(Material provided)

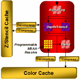 - 2 x 16 блоков ROP с поддержкой режимов антиалиасинга с возможностью программируемой выборки более чем 16 сэмплов на пиксель, в том числе при FP16 или FP32 формате буфера кадра. Пиковая производительность до 16 отсчетов за такт, в режиме без цвета (Z only) 32 отсчета за такт
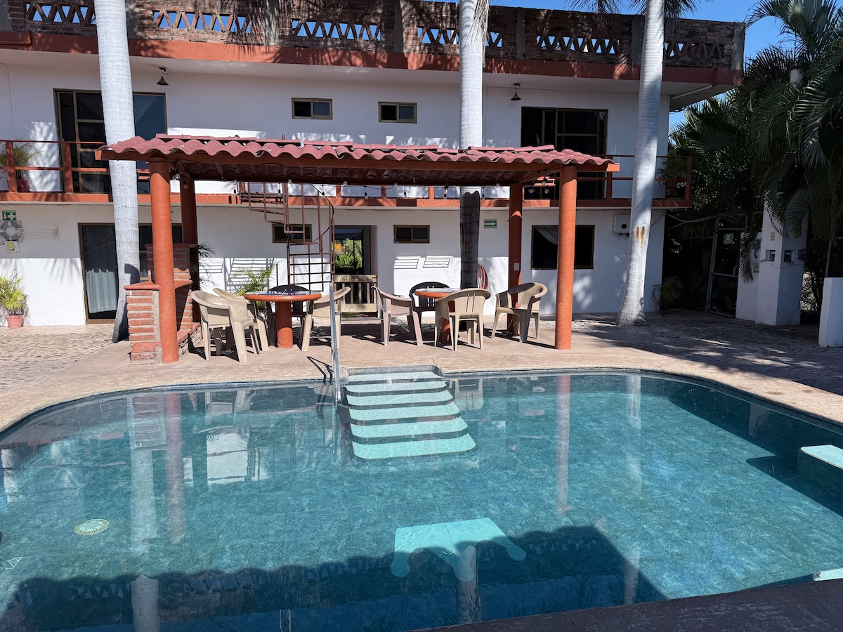 Bangalô em Punta Perula, ideal para viagens a dois, com amigos ou familiares. Desfrute de sua jacuzzi privativa. Localizado em um complexo turístico onde compartilha áreas comuns e piscina com outros 3 bangalôs e uma casa. Nós nos esforçamos para manter um ambiente familiar e agradável. A apenas 3 ruas e meia da praia e 3 ruas da praça central.
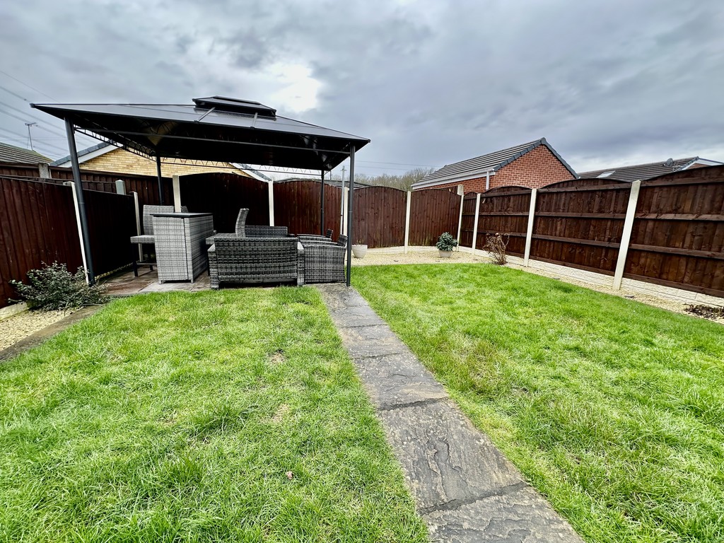 SIDE/REAR GARDEN Fence enclosed garden with two storage sheds to the side, one of which benefits from power, rear lower paved patio area, elevated lawn with central path leading to a further seating area at the rear of the garden with gazebo included and surrounding gravelled border.
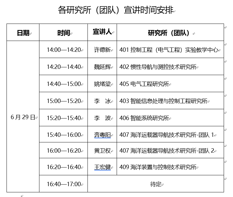 各研究所(团队)具体宣讲时间安排见附件1。

(End Material provided)

Write the listing above out again exactly, but not the images it holds.

 - 2 x 16 блоков ROP с поддержкой режимов антиалиасинга с возможностью программируемой выборки более чем 16 сэмплов на пиксель, в том числе при FP16 или FP32 формате буфера кадра. Пиковая производительность до 16 отсчетов за такт, в режиме без цвета (Z only) 32 отсчета за такт
 Bangalô em Punta Perula, ideal para viagens a dois, com amigos ou familiares. Desfrute de sua jacuzzi privativa. Localizado em um complexo turístico onde compartilha áreas comuns e piscina com outros 3 bangalôs e uma casa. Nós nos esforçamos para manter um ambiente familiar e agradável. A apenas 3 ruas e meia da praia e 3 ruas da praça central.
 SIDE/REAR GARDEN Fence enclosed garden with two storage sheds to the side, one of which benefits from power, rear lower paved patio area, elevated lawn with central path leading to a further seating area at the rear of the garden with gazebo included and surrounding gravelled border.
 各研究所(团队)具体宣讲时间安排见附件1。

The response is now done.